::: Data shown :::
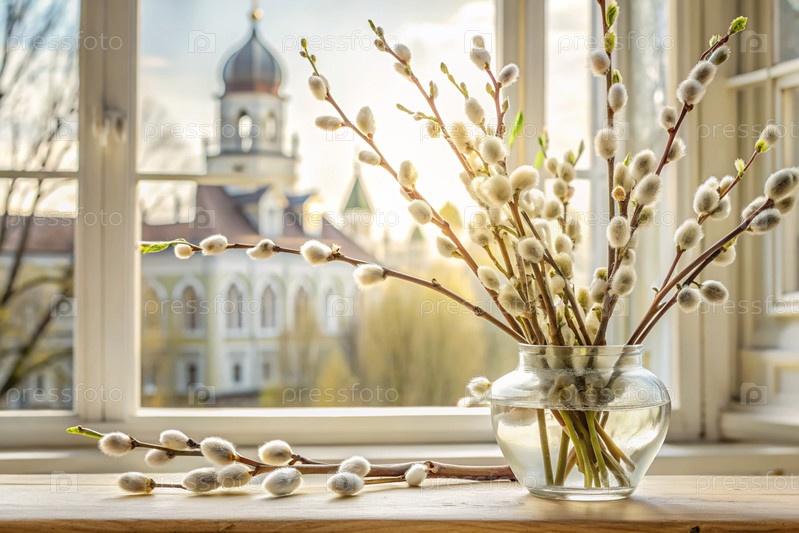 Большой план букета ивы в стеклянной вазе на фоне древнего белого окна с видом на золотые куполы храма и заходящее солнце
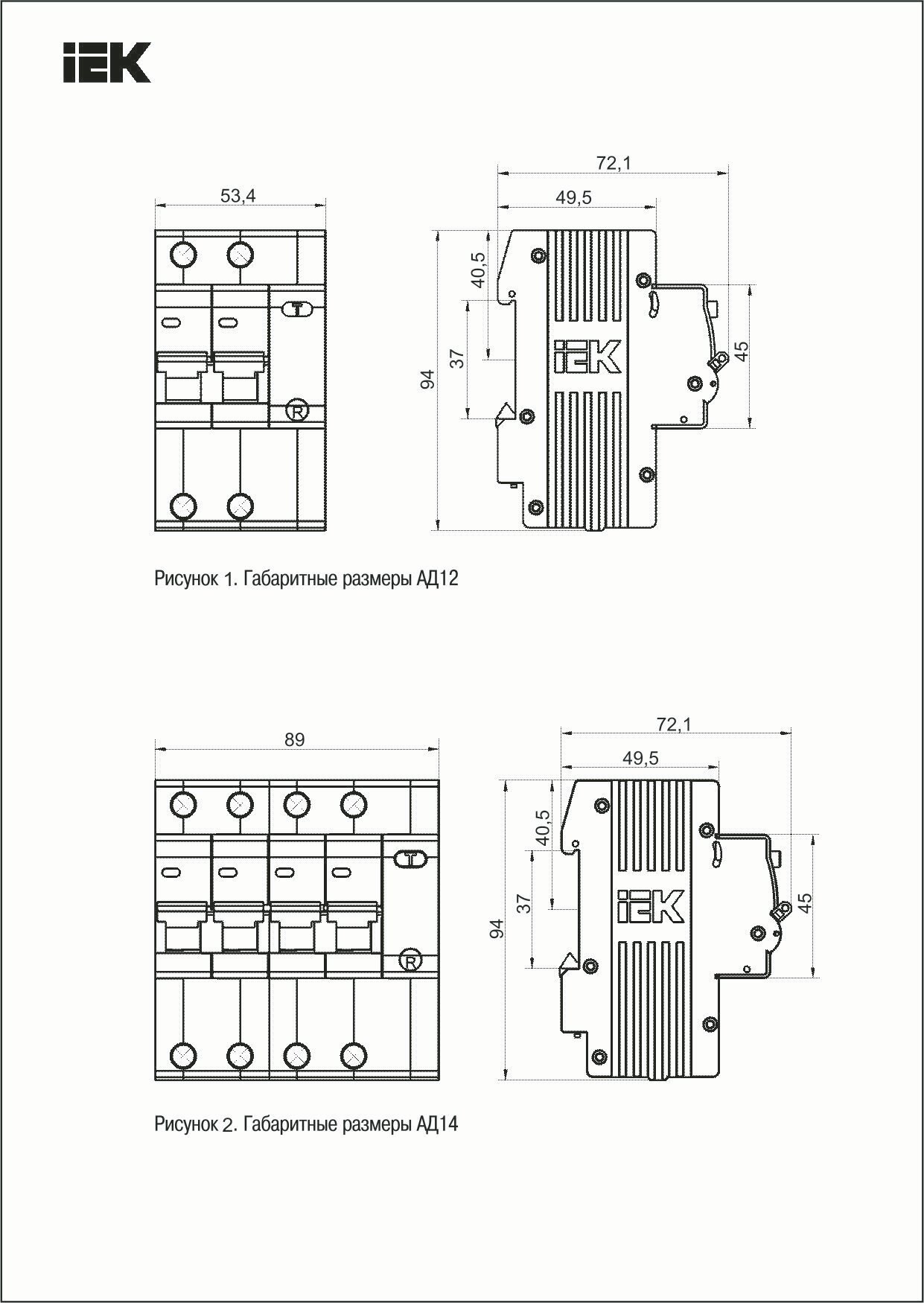Авт. выкл. диф. тока IEK АД12 2Р С50А 30mA (диф.автамат) (4м)
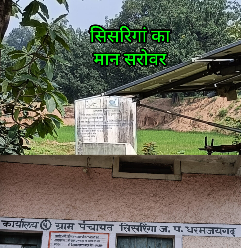 ग्राम दर्पण न्यूज़ / धरमजयगढ़ विकास खंड के ग्राम पंचायत सिसरिगां में एक धान उगाने वाले खेत को थोड़ा बहुत नाम मात्र का सुधार कर के अमृत सरोवर का रुप दिया गया है
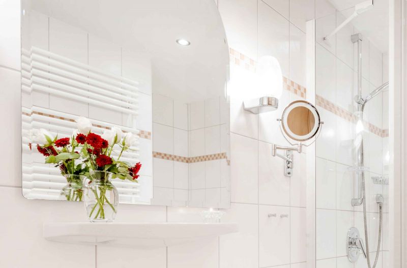 1 Badezimmer mit Dusche, WC, Schminkspiegel, Handtuchwärmer, Föhn
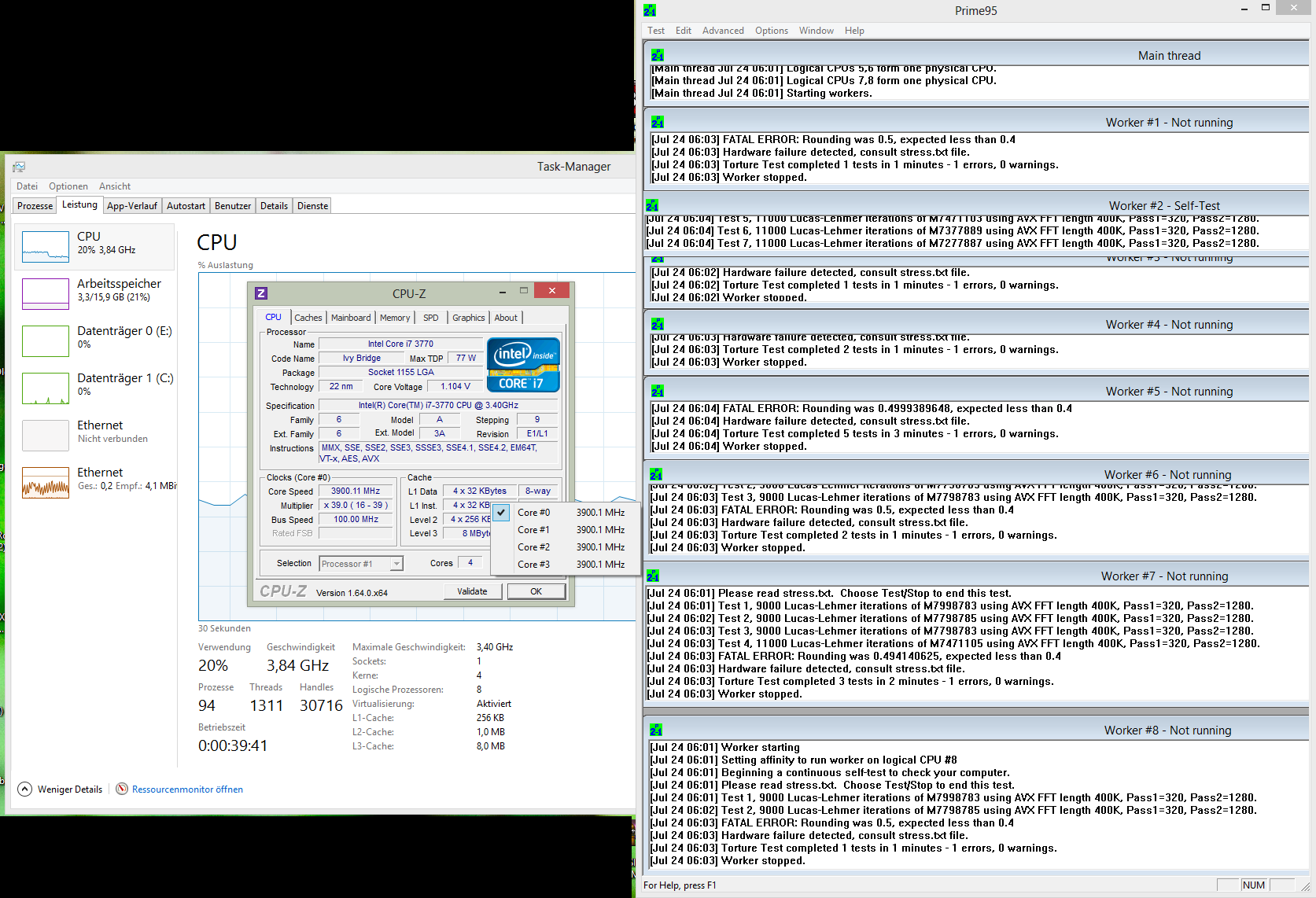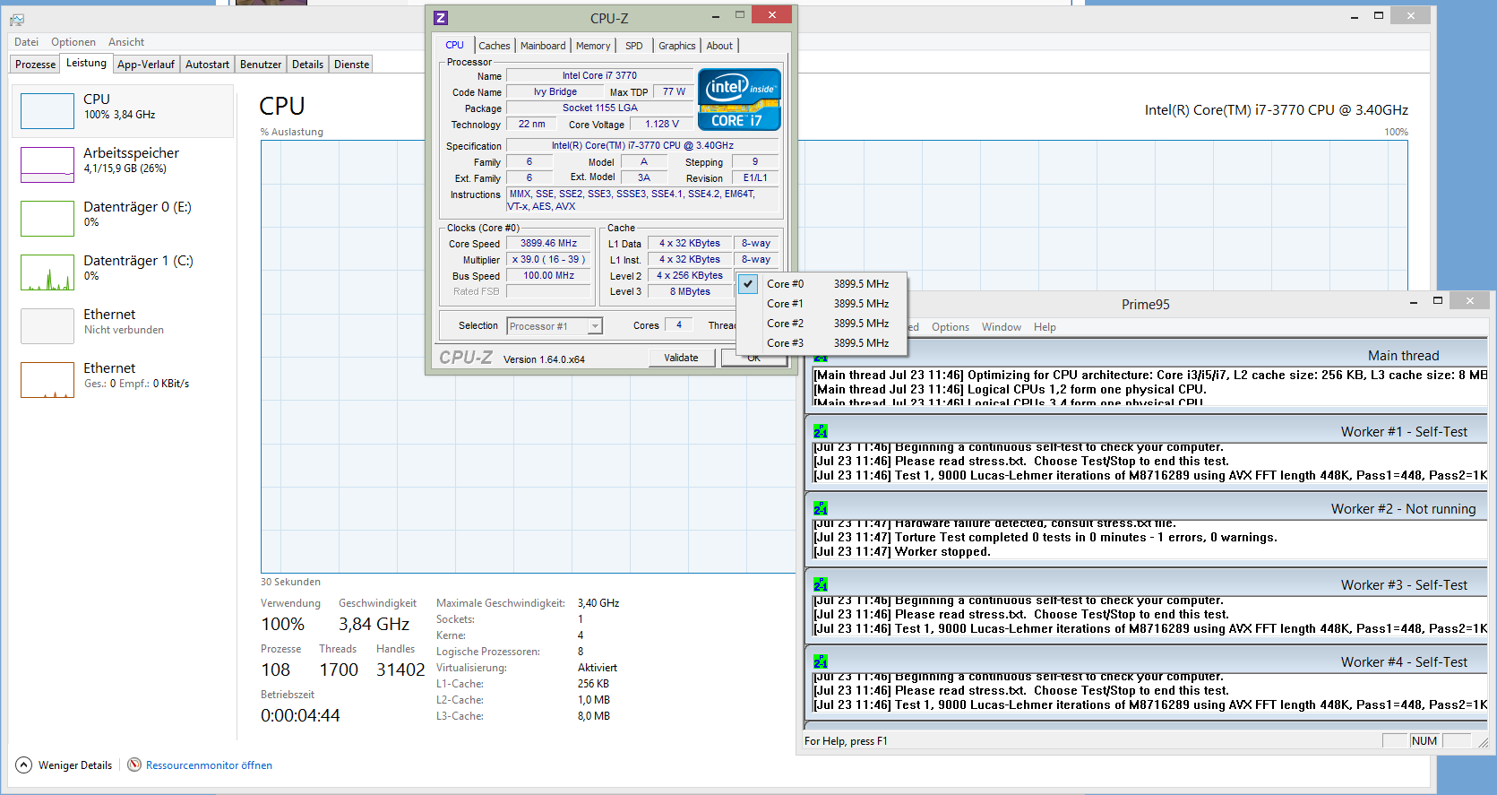 Habe ich ausgewechselt, weil ich eigentlich ziemlich überzeugt war das die CPU defekt ist, allerdings änderte sich nach dem Wechsel nichts. Die "neue" CPU ist die gleiche nur non-K.Waldheinz schrieb:laut dem CPU-Z Screenshot hat die CPU einen Takt von 3,4GHz, könnten so auch die 3,9 anstatt 3,7 im Turbo zustande kommen und das ist dann einfach zu hoch?
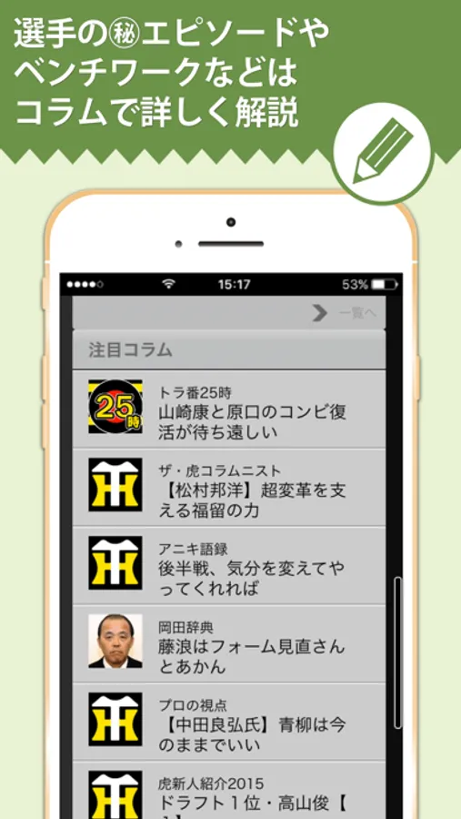 タイガースニュースは、速報から読み応えのある紙面記事、2軍情報までカバー。人気選手のニュースがバックナンバーでお読みいただけます。毎朝の阪神ニュース、試合終了時の結果をプッシュ通知でお知らせします。掲示板では応援、叱咤激励とも大歓迎!ただしタイガース愛のあふれるものをお願いします!
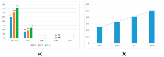 (a) The number of certified buildings in Poland in various systems from March 2016–March 2018. (b) The entire number of certified buildings in Poland, as of March 2015–March 2018. Authors’ own elaboration based on PLGBC data [36].
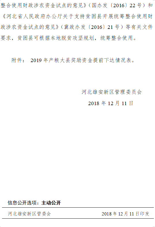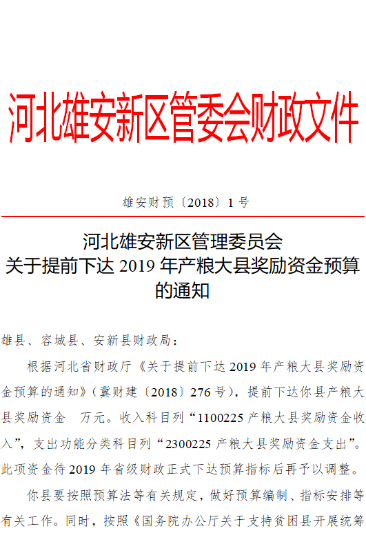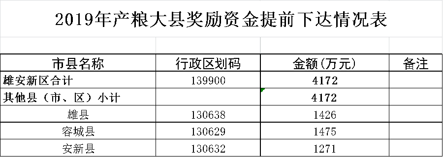 现将雄安新区提前下达2019年产粮大县奖励资金预算资金分配结果予以公告,如有异议,请向以下部门提出意见。
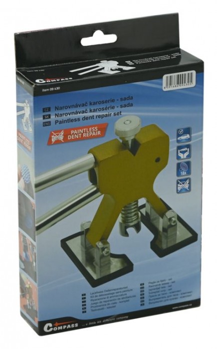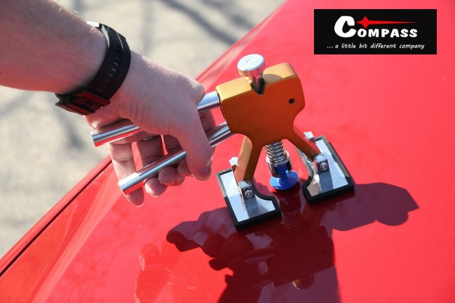 Metoda je vhodná pro snadné a rychlé opravy, kdy v rámci pár hodin opravíte tyto defekty karoserie svépomocí. Sada obsahuje několik kusů plastových vytahovacích trnů různých rozměrů a tvarů. Trny jsou na karoserii umístěny aplikací lepidla z běžné tavné pistole (není přiložena). Samotné hliníkové zařízení je opatřeno patkami s gumou. Lze jej tak umístit na jakékoliv místo karoserie, bez rizika poškrábání laku. Vrchní část zařízení je opatřena šroubovacím mechanismem, umožňujícím nastavení výšky čelisti vůči trnu. Opakovaným stiskem dochází ke zdvihu čelisti spolu s trnem a tím dochází k pozvolnému rovnání karoserie. Pro precizní opravu doporučujeme opakovat rovnání pomocí stále menších trnů (dle velikosti prohlubně), dokud nebude karoserie zcela vyrovnána.
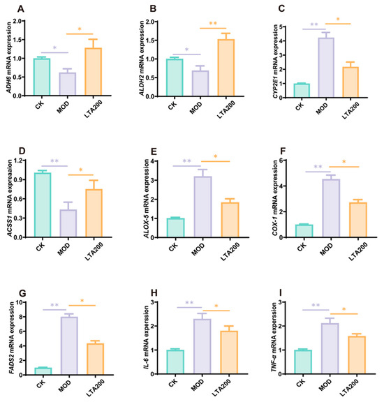 Effects of LTA on the expression of key mRNA in intestinal alcohol metabolism and LA-AA metabolism (n = 3). (A) ADH6. (B) ALDH2. (C) CYP2E1. (D) ACSS1. (E) ALOX-5. (F) COX-1. (G) FADS2. (H) IL-6. (I) TNF-α. Comparison between different groups, *: p < 0.05, **: p < 0.01.
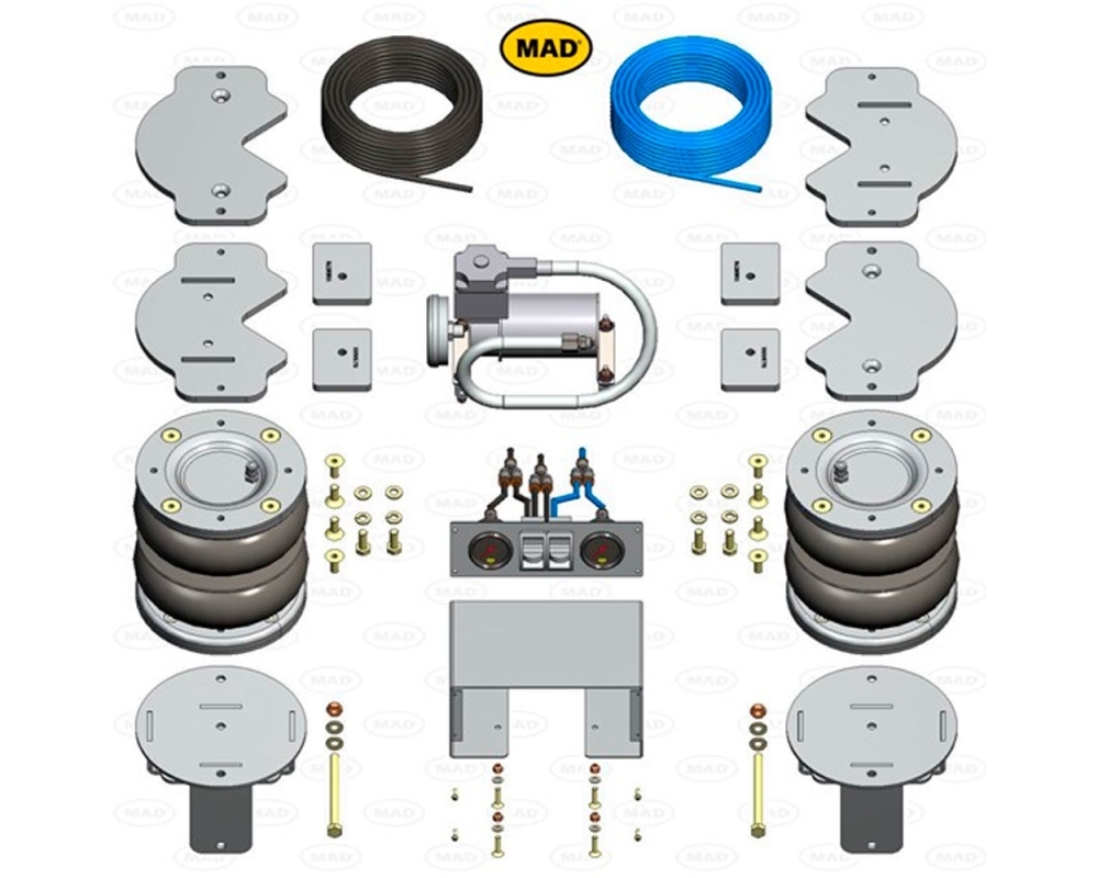As molas pneumáticas instaladas com molas originais ou molas de lâmina permitem ajustar a suspensão do veículo às necessidades do condutor (molas pneumáticas mais duras ou mais macias, maior ou menor altura do carro). A suspensão pneumática auxiliar proporciona muito mais conforto e segurança, podendo ser facilmente operada pelo painel ou nos postos de gasolina.
:::
Task instructions. Go back to the lines above and output, exactly as they stand, the ones from the line containing "Habe ich ausgewechselt, weil" to the line containing "Effects of LTA". Leave all pictures behind.

Written response.
 Habe ich ausgewechselt, weil ich eigentlich ziemlich überzeugt war das die CPU defekt ist, allerdings änderte sich nach dem Wechsel nichts. Die "neue" CPU ist die gleiche nur non-K.Waldheinz schrieb:laut dem CPU-Z Screenshot hat die CPU einen Takt von 3,4GHz, könnten so auch die 3,9 anstatt 3,7 im Turbo zustande kommen und das ist dann einfach zu hoch?
 タイガースニュースは、速報から読み応えのある紙面記事、2軍情報までカバー。人気選手のニュースがバックナンバーでお読みいただけます。毎朝の阪神ニュース、試合終了時の結果をプッシュ通知でお知らせします。掲示板では応援、叱咤激励とも大歓迎!ただしタイガース愛のあふれるものをお願いします!
 (a) The number of certified buildings in Poland in various systems from March 2016–March 2018. (b) The entire number of certified buildings in Poland, as of March 2015–March 2018. Authors’ own elaboration based on PLGBC data [36].
 现将雄安新区提前下达2019年产粮大县奖励资金预算资金分配结果予以公告,如有异议,请向以下部门提出意见。
 Metoda je vhodná pro snadné a rychlé opravy, kdy v rámci pár hodin opravíte tyto defekty karoserie svépomocí. Sada obsahuje několik kusů plastových vytahovacích trnů různých rozměrů a tvarů. Trny jsou na karoserii umístěny aplikací lepidla z běžné tavné pistole (není přiložena). Samotné hliníkové zařízení je opatřeno patkami s gumou. Lze jej tak umístit na jakékoliv místo karoserie, bez rizika poškrábání laku. Vrchní část zařízení je opatřena šroubovacím mechanismem, umožňujícím nastavení výšky čelisti vůči trnu. Opakovaným stiskem dochází ke zdvihu čelisti spolu s trnem a tím dochází k pozvolnému rovnání karoserie. Pro precizní opravu doporučujeme opakovat rovnání pomocí stále menších trnů (dle velikosti prohlubně), dokud nebude karoserie zcela vyrovnána.
 Effects of LTA on the expression of key mRNA in intestinal alcohol metabolism and LA-AA metabolism (n = 3). (A) ADH6. (B) ALDH2. (C) CYP2E1. (D) ACSS1. (E) ALOX-5. (F) COX-1. (G) FADS2. (H) IL-6. (I) TNF-α. Comparison between different groups, *: p < 0.05, **: p < 0.01.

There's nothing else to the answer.